WHAT TO DO
Take the line containing "Holiday-themed bombs are" and every line after it to the end of the records, and copy them exactly, leaving out pictures.

-- DATASET ENTRIES follows --

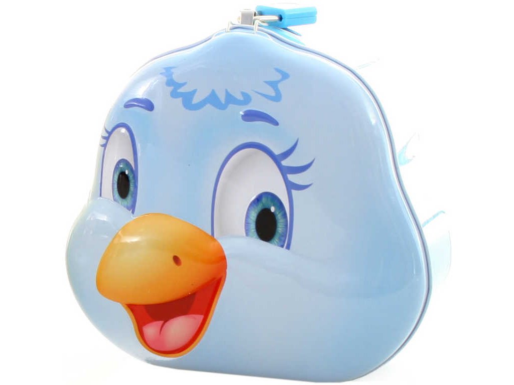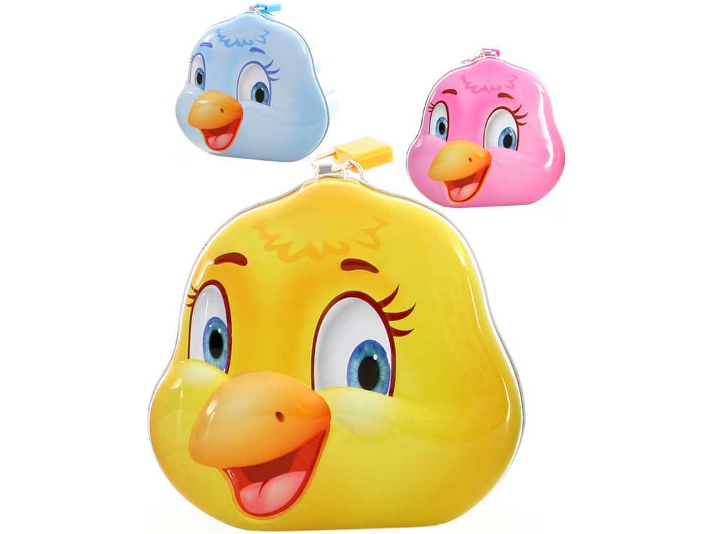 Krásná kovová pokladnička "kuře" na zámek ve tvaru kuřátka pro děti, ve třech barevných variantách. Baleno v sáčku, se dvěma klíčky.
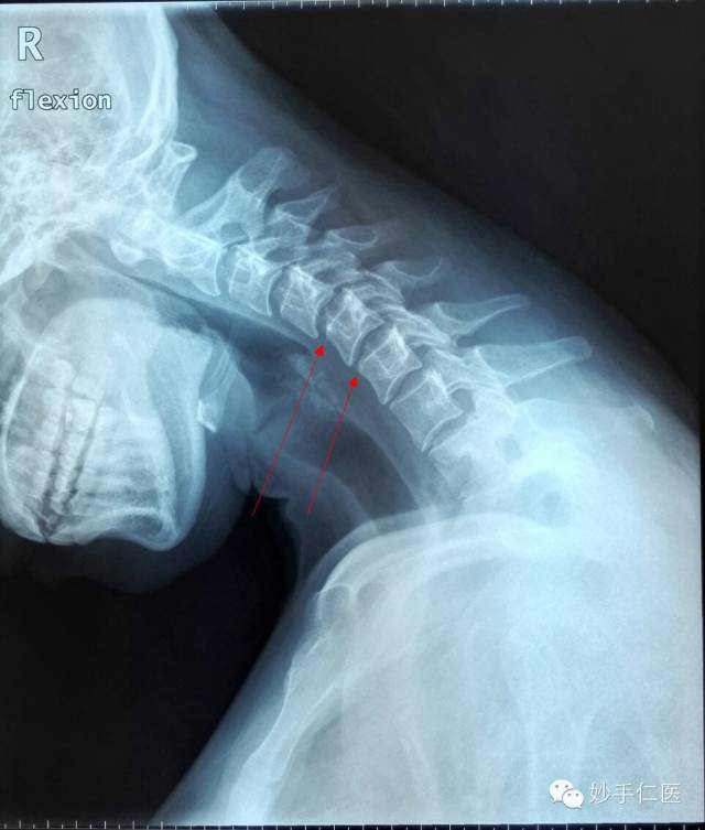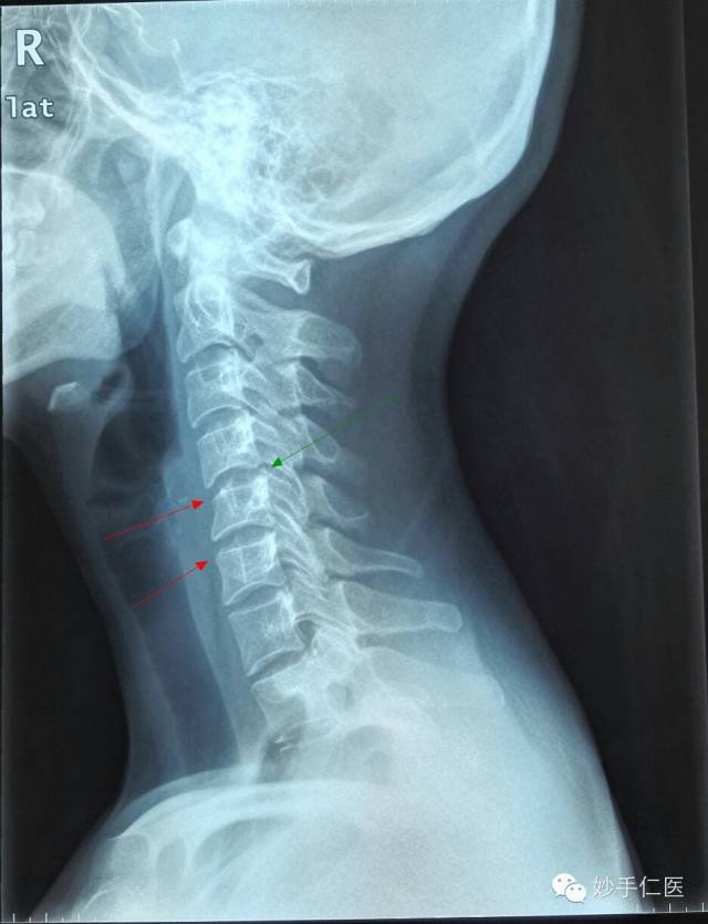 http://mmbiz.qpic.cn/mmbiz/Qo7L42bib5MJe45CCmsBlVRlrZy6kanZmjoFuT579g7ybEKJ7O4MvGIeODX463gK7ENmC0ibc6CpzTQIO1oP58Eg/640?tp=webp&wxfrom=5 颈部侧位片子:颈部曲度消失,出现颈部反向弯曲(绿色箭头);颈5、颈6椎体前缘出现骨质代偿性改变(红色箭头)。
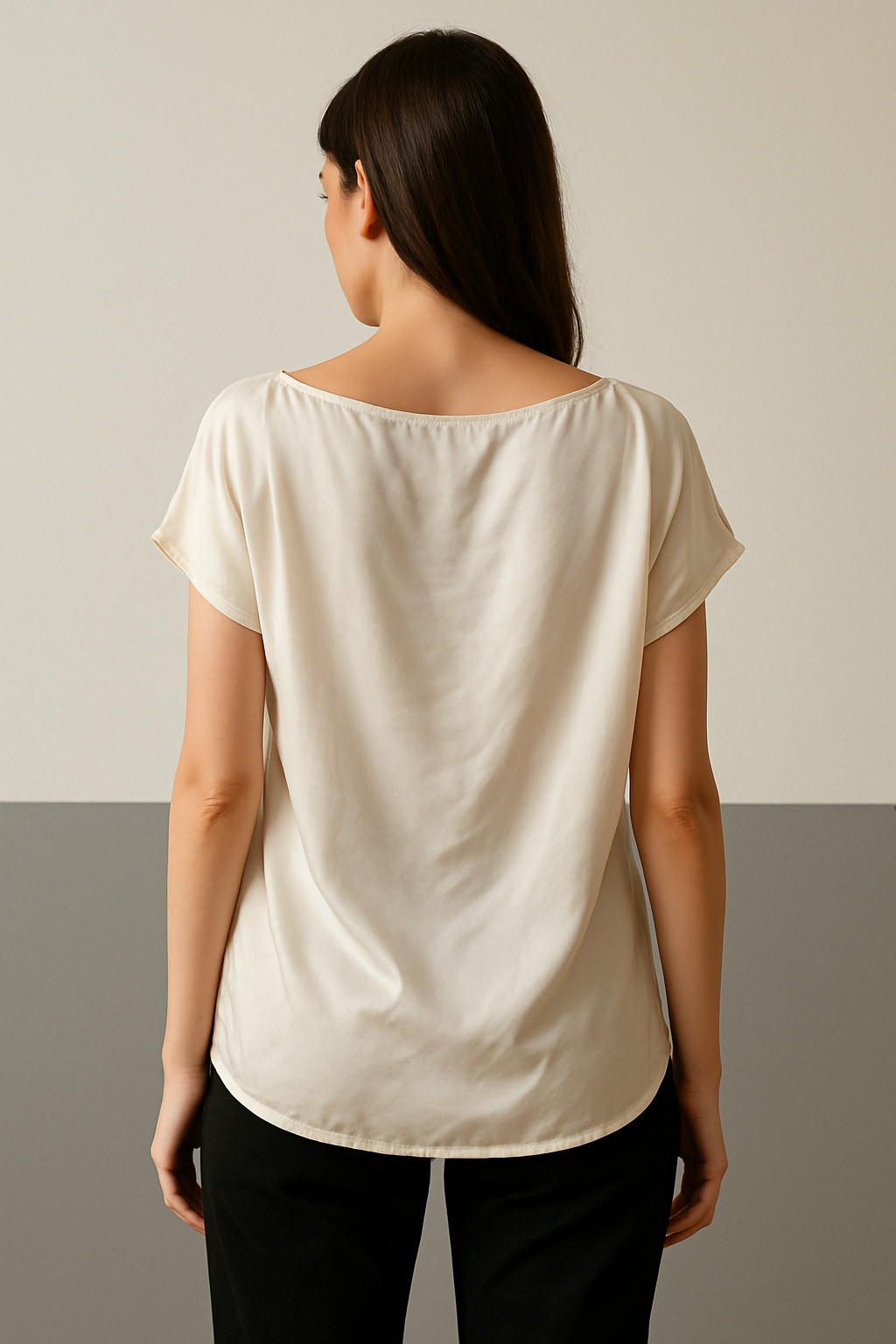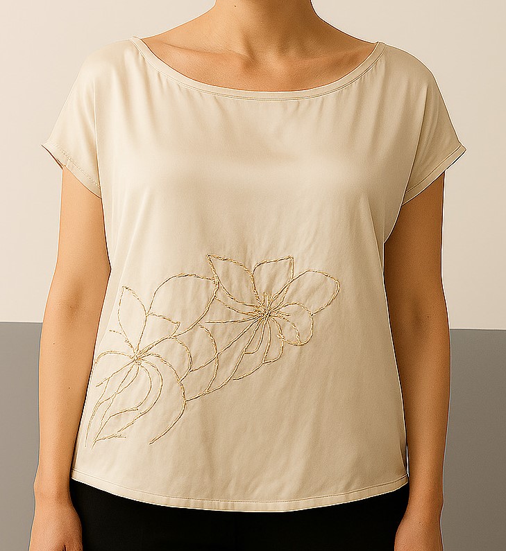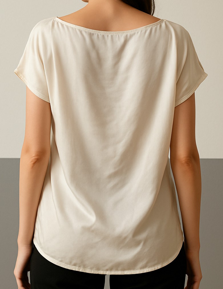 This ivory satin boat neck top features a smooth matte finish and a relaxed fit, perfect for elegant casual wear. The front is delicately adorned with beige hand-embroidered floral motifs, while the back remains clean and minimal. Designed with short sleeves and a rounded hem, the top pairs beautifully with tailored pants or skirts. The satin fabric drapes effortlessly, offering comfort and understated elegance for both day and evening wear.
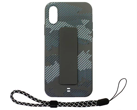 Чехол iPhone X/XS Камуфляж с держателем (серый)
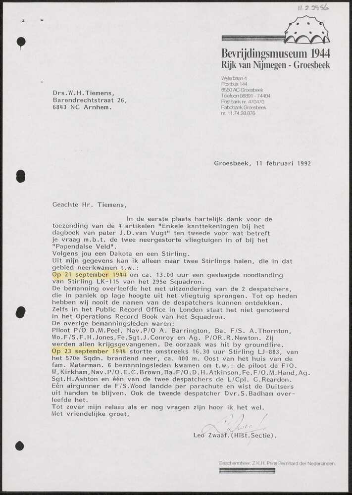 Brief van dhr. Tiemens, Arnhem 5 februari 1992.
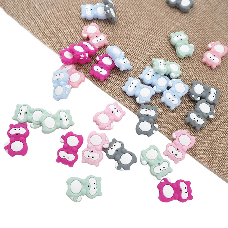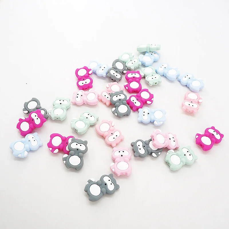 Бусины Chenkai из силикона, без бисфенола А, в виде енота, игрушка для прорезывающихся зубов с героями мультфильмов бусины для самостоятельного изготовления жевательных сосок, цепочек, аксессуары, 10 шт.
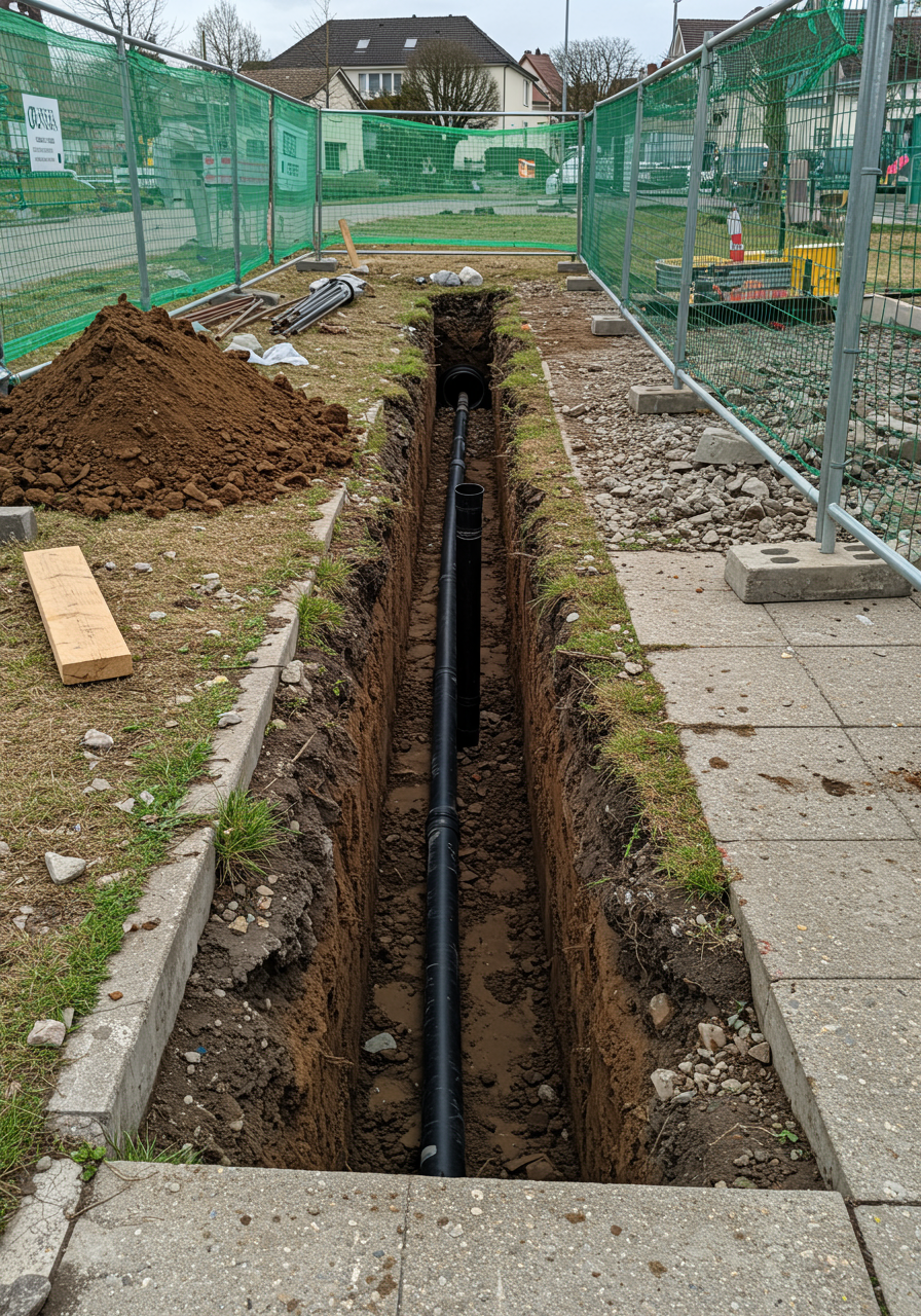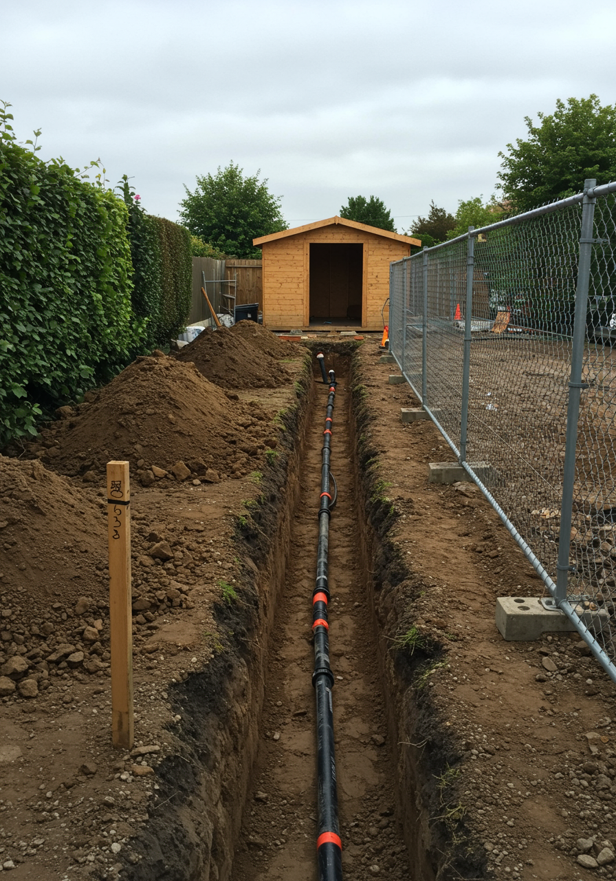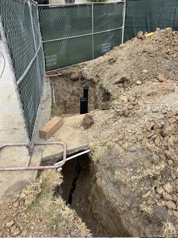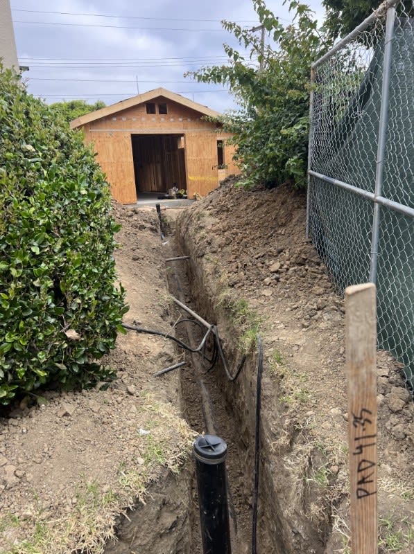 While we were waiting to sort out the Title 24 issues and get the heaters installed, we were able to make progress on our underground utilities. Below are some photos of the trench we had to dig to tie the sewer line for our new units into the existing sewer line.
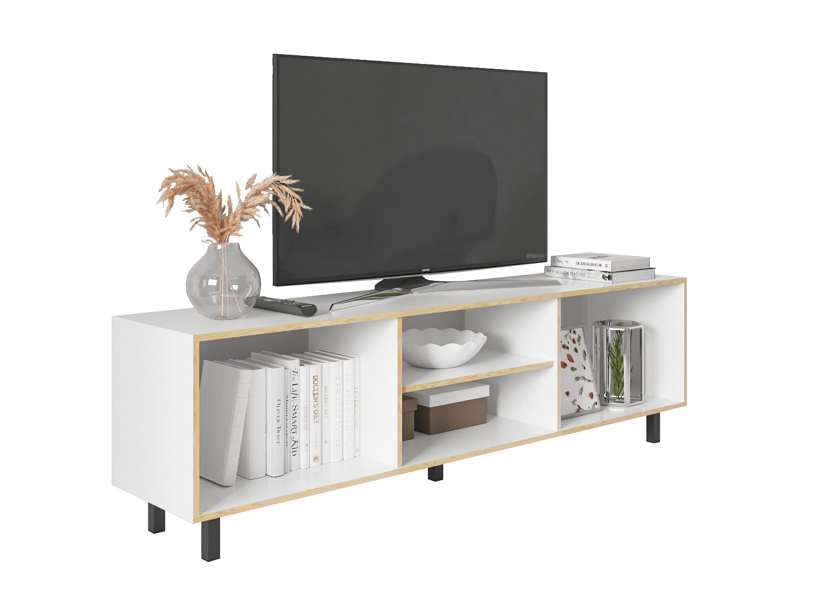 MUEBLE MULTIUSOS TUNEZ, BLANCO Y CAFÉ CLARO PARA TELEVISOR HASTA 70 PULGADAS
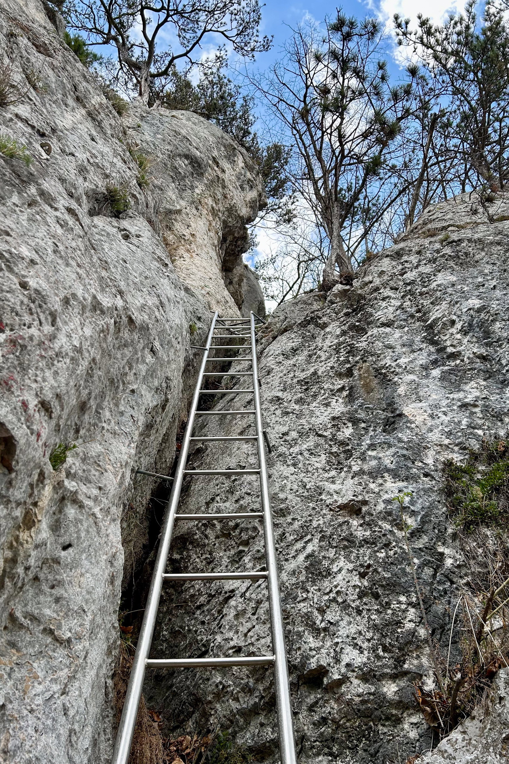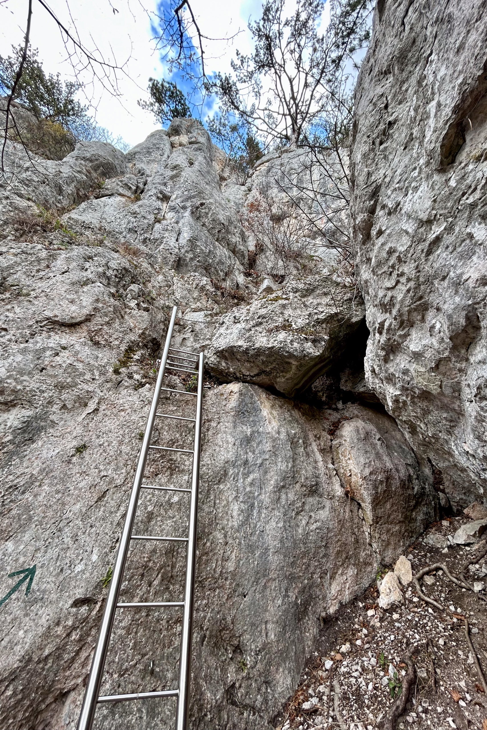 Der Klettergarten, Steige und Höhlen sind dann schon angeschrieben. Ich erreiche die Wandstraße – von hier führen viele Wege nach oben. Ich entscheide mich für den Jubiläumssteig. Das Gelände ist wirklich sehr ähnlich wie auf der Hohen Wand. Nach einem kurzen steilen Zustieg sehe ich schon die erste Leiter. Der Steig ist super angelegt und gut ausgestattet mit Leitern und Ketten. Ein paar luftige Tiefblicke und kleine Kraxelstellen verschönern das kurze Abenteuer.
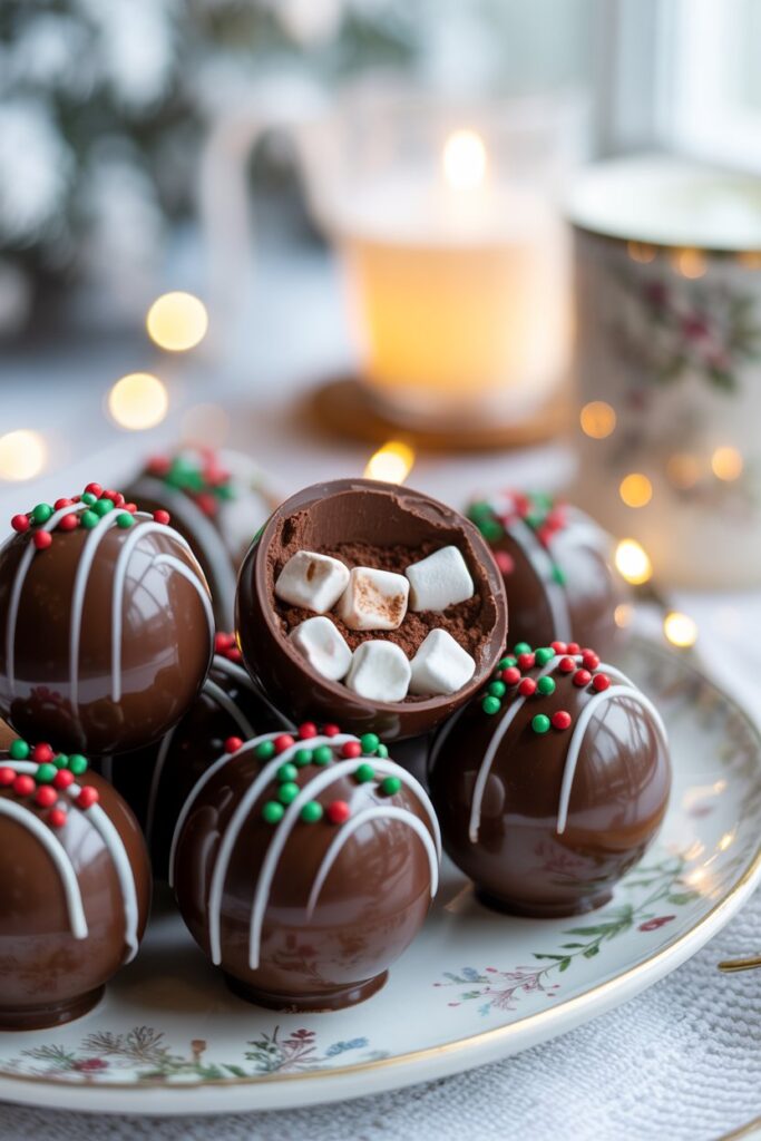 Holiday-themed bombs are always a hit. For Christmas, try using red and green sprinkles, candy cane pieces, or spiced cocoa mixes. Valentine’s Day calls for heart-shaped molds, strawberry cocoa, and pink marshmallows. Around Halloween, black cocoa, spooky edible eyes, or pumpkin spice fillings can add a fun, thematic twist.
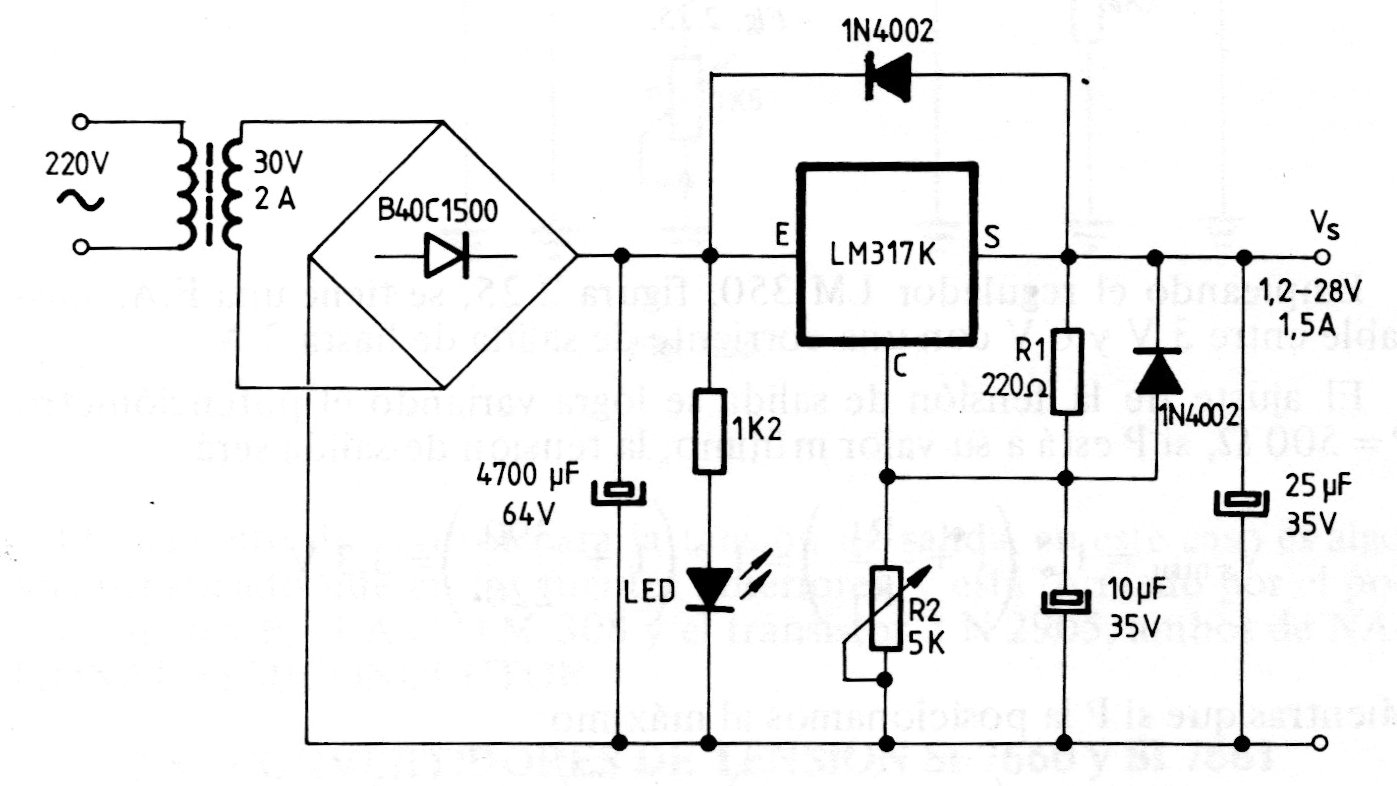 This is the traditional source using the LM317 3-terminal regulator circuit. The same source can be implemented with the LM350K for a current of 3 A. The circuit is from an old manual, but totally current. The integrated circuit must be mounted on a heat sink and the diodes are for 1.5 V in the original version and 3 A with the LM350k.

-- DATASET ENTRIES concluded --

WRITTEN SOLUTION
 Holiday-themed bombs are always a hit. For Christmas, try using red and green sprinkles, candy cane pieces, or spiced cocoa mixes. Valentine’s Day calls for heart-shaped molds, strawberry cocoa, and pink marshmallows. Around Halloween, black cocoa, spooky edible eyes, or pumpkin spice fillings can add a fun, thematic twist.
 This is the traditional source using the LM317 3-terminal regulator circuit. The same source can be implemented with the LM350K for a current of 3 A. The circuit is from an old manual, but totally current. The integrated circuit must be mounted on a heat sink and the diodes are for 1.5 V in the original version and 3 A with the LM350k.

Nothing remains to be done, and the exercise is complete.